What is needed — Could you return every record below exactly as it stands, leaving out the pictures?

Information —
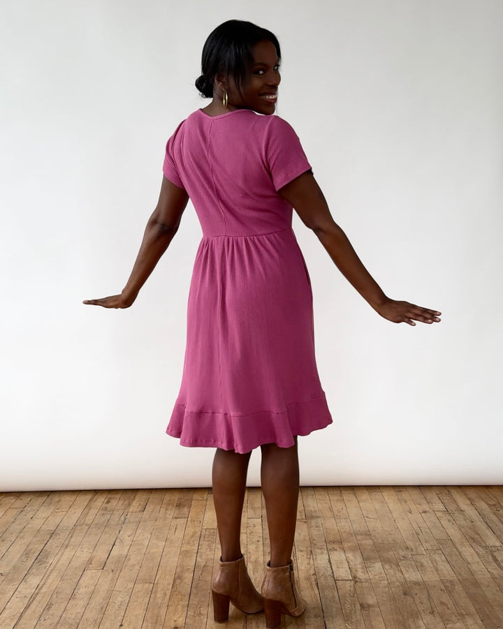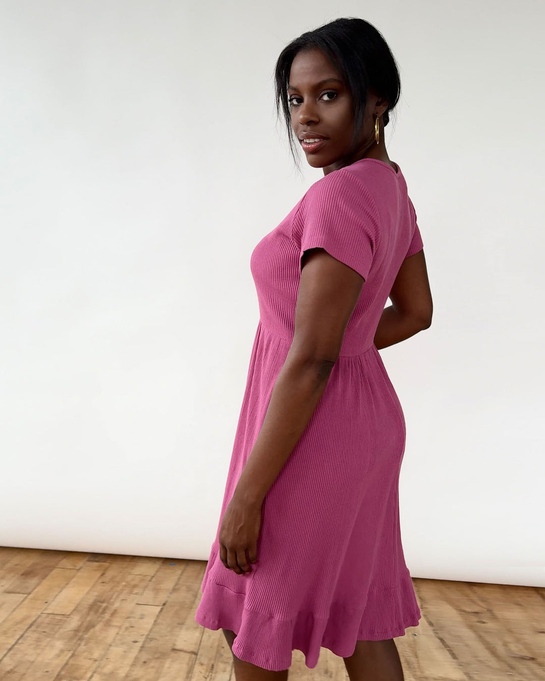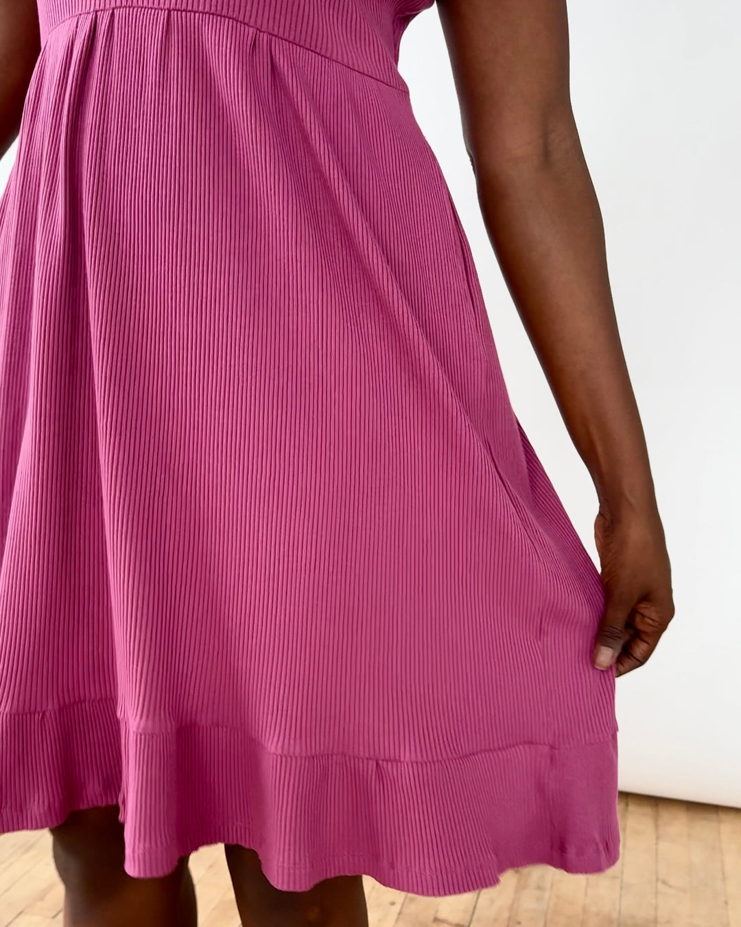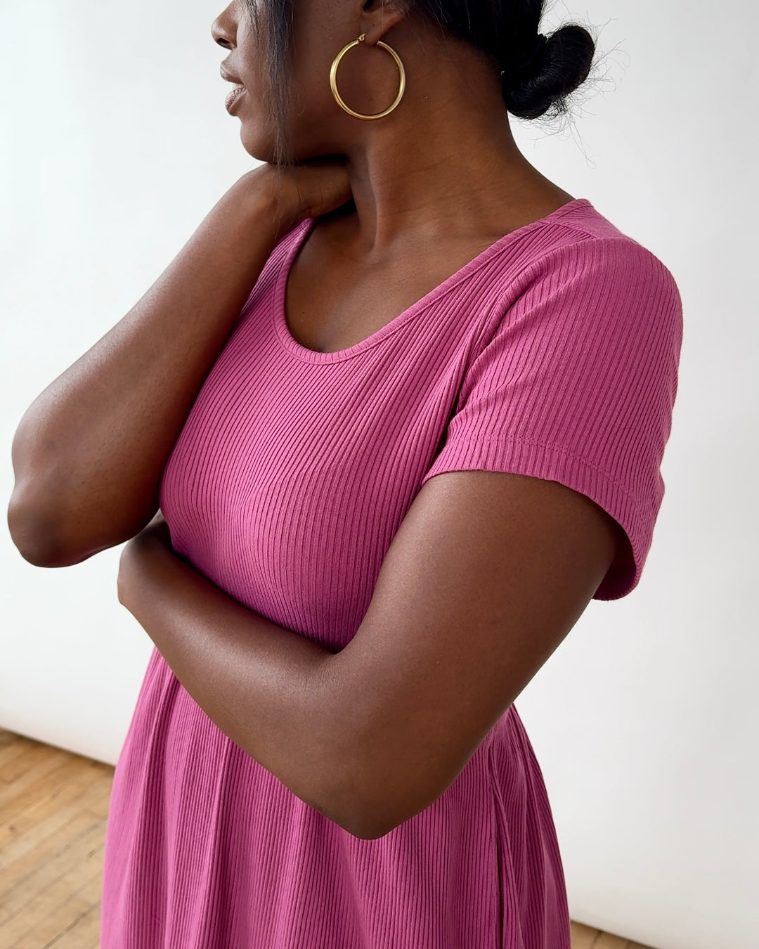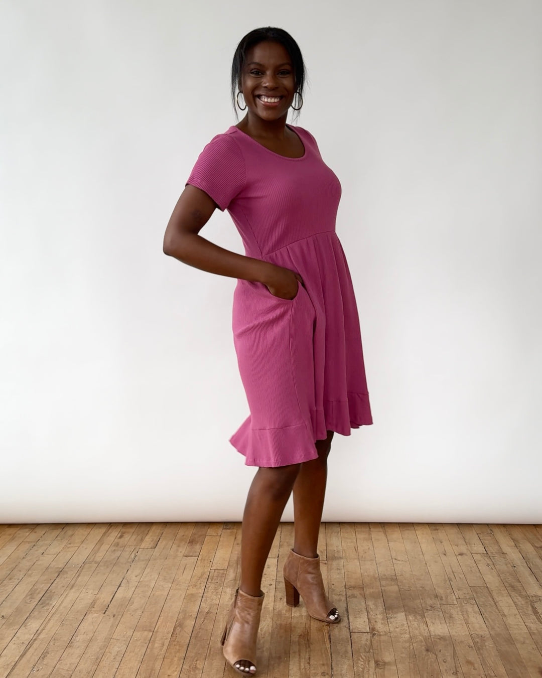 This rib knit dress is crafted with comfort, and contouring to your curves. The fabric provides a softer, more relaxed fit. Complete with pockets at the side seams, it's the dress that will take you through the day with ease and confidence.
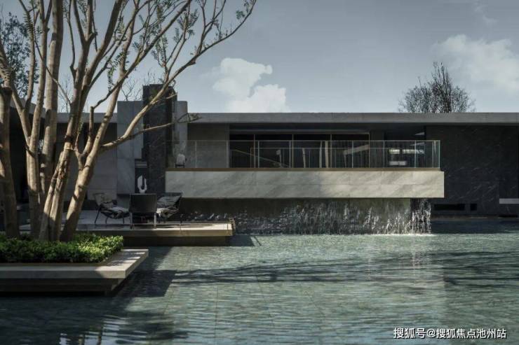 沿门庭而入,一碧如镜,理水植绿。格栅与留白手法间隔,以回形连廊围合水院,引领着游人以游园的形式逐一探访水院各色社交空间。
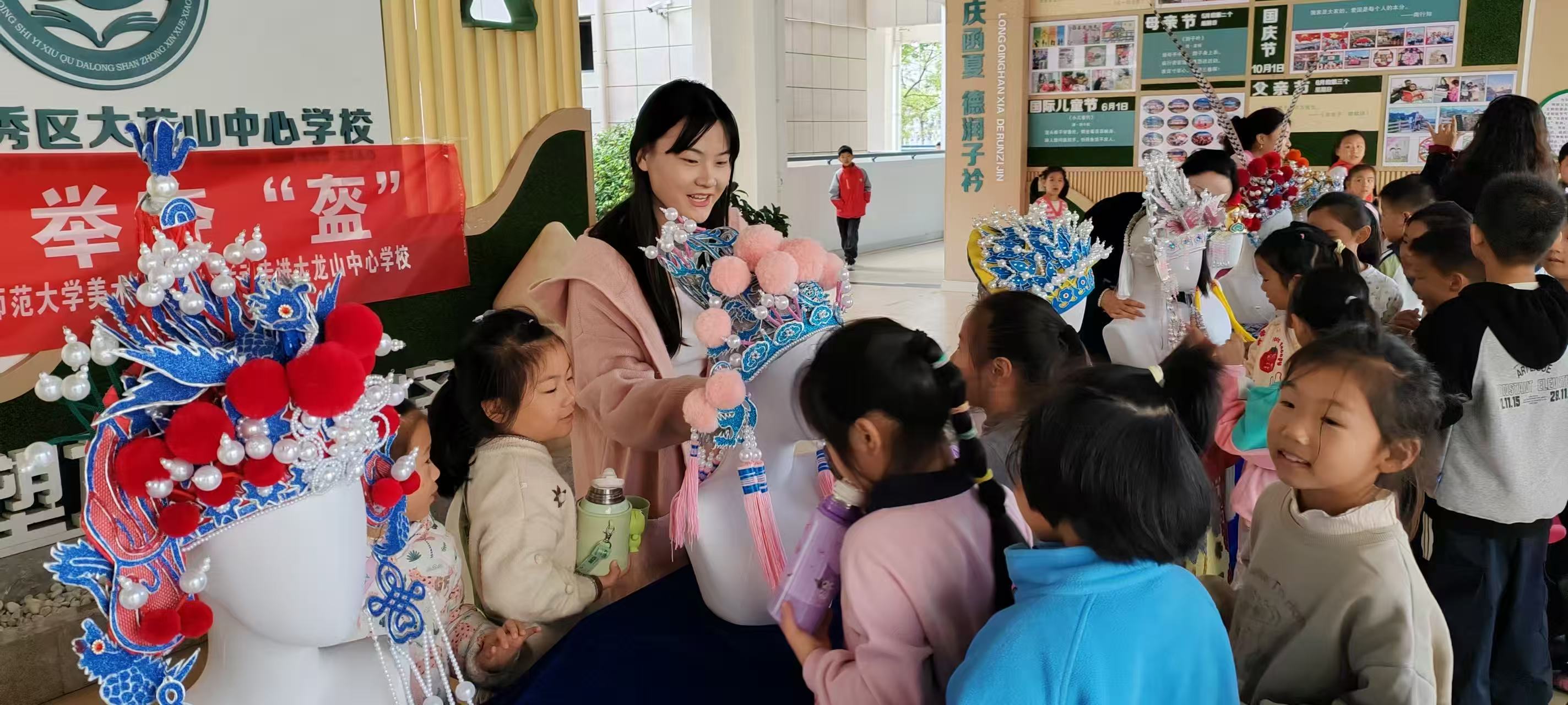 10月22日,安庆师范大学美术学(师范)专业师生携十余顶精美黄梅戏盔帽教具与分层课程包,走进大龙山中学校,开展“非遗盔帽进校园”主题美育活动。通过文化展示、沉浸式体验与分层教学实践,让传统工艺在青少年心中播下传承的种子,赢得该校师生一致好评。
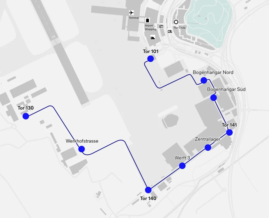 <p class="rtejustify"><span style="font-size:16px;">落地苏黎世机场的文远小巴每辆最多可容纳9位乘客，补充现有为机场内各公司员工服务的班车路线，为其提供更便捷的通勤接驳服务。运营路线将从机场101号门员工入口延伸至130号门维修区域，覆盖机场内部非滑行区域的多个站点。该路线完全独立于机场飞行运营区域之外，是无人驾驶在机场应用的最佳测试路线，同时可确保运行的安全性和独立性。</span></p>
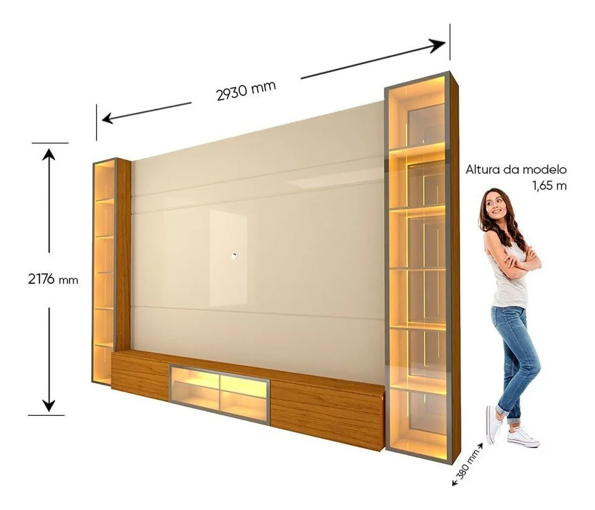 As torres, com espelhos no fundo, criam um encantador efeito de profundidade infinita, e a iluminação em LED com 120 pontos em tom quente adiciona sofisticação e aconchego ao ambiente. Disponível em versões com duas torres, uma torre, sem torres ou apenas o painel, é a escolha ideal para renovar sua sala!
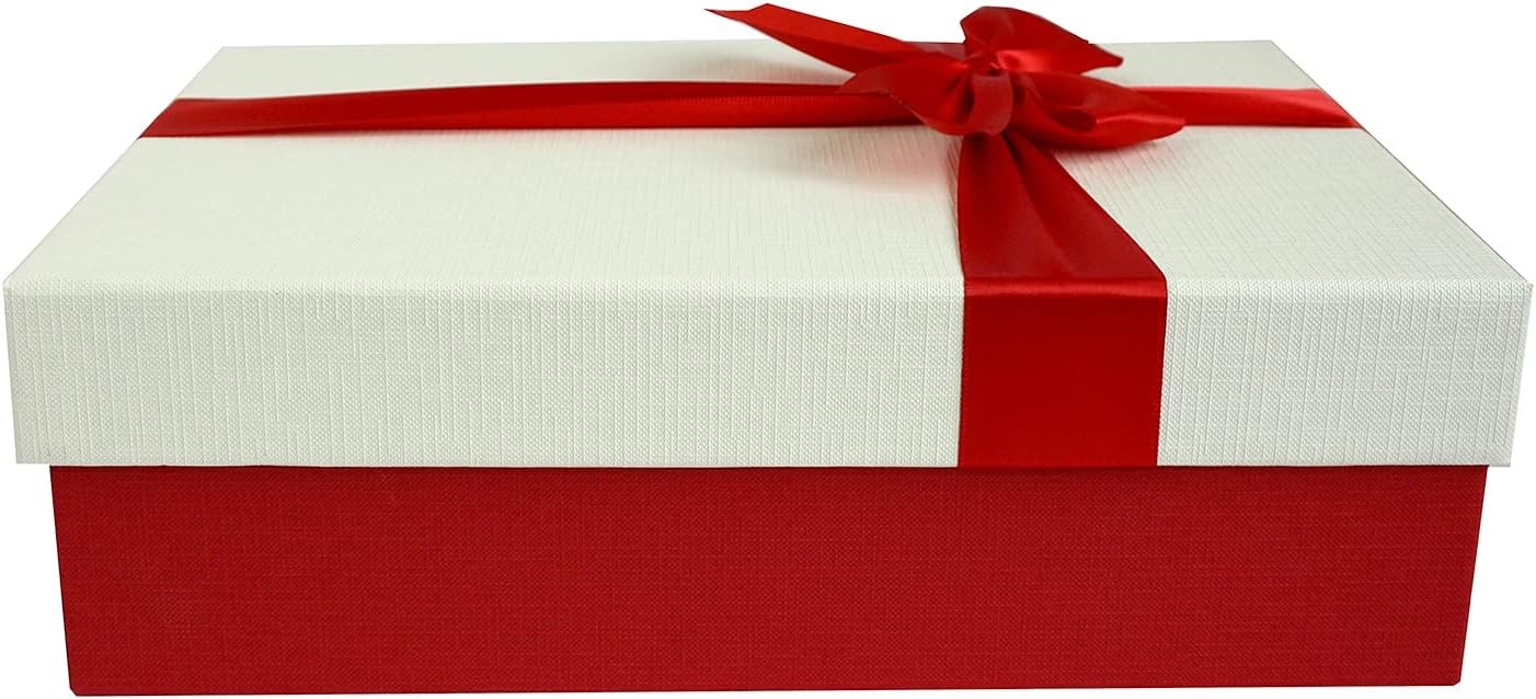 Emartbuy Cream Paper + Red White Rigid Gift Box with Ribbon – 33.5 x 25 x 11.

Result below —
 This rib knit dress is crafted with comfort, and contouring to your curves. The fabric provides a softer, more relaxed fit. Complete with pockets at the side seams, it's the dress that will take you through the day with ease and confidence.
 沿门庭而入,一碧如镜,理水植绿。格栅与留白手法间隔,以回形连廊围合水院,引领着游人以游园的形式逐一探访水院各色社交空间。
 10月22日,安庆师范大学美术学(师范)专业师生携十余顶精美黄梅戏盔帽教具与分层课程包,走进大龙山中学校,开展“非遗盔帽进校园”主题美育活动。通过文化展示、沉浸式体验与分层教学实践,让传统工艺在青少年心中播下传承的种子,赢得该校师生一致好评。
 <p class="rtejustify"><span style="font-size:16px;">落地苏黎世机场的文远小巴每辆最多可容纳9位乘客，补充现有为机场内各公司员工服务的班车路线，为其提供更便捷的通勤接驳服务。运营路线将从机场101号门员工入口延伸至130号门维修区域，覆盖机场内部非滑行区域的多个站点。该路线完全独立于机场飞行运营区域之外，是无人驾驶在机场应用的最佳测试路线，同时可确保运行的安全性和独立性。</span></p>
 As torres, com espelhos no fundo, criam um encantador efeito de profundidade infinita, e a iluminação em LED com 120 pontos em tom quente adiciona sofisticação e aconchego ao ambiente. Disponível em versões com duas torres, uma torre, sem torres ou apenas o painel, é a escolha ideal para renovar sua sala!
 Emartbuy Cream Paper + Red White Rigid Gift Box with Ribbon – 33.5 x 25 x 11.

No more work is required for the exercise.